EXERCISE GOAL: The entries below contain a line with "- Комплект женский" and a line with "Acessar Logística >". Retype exactly everything from the first down to the second, both included, and nothing else.

GIVEN DATA:
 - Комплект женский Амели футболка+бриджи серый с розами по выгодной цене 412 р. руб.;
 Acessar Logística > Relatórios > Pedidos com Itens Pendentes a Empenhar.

==

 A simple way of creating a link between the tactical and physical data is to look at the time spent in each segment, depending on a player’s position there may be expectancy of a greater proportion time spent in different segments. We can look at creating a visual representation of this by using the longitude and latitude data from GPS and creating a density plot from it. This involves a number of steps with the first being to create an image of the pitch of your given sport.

EXPECTED ANSWER:
 - Комплект женский Амели футболка+бриджи серый с розами по выгодной цене 412 р. руб.;
 Acessar Logística > Relatórios > Pedidos com Itens Pendentes a Empenhar.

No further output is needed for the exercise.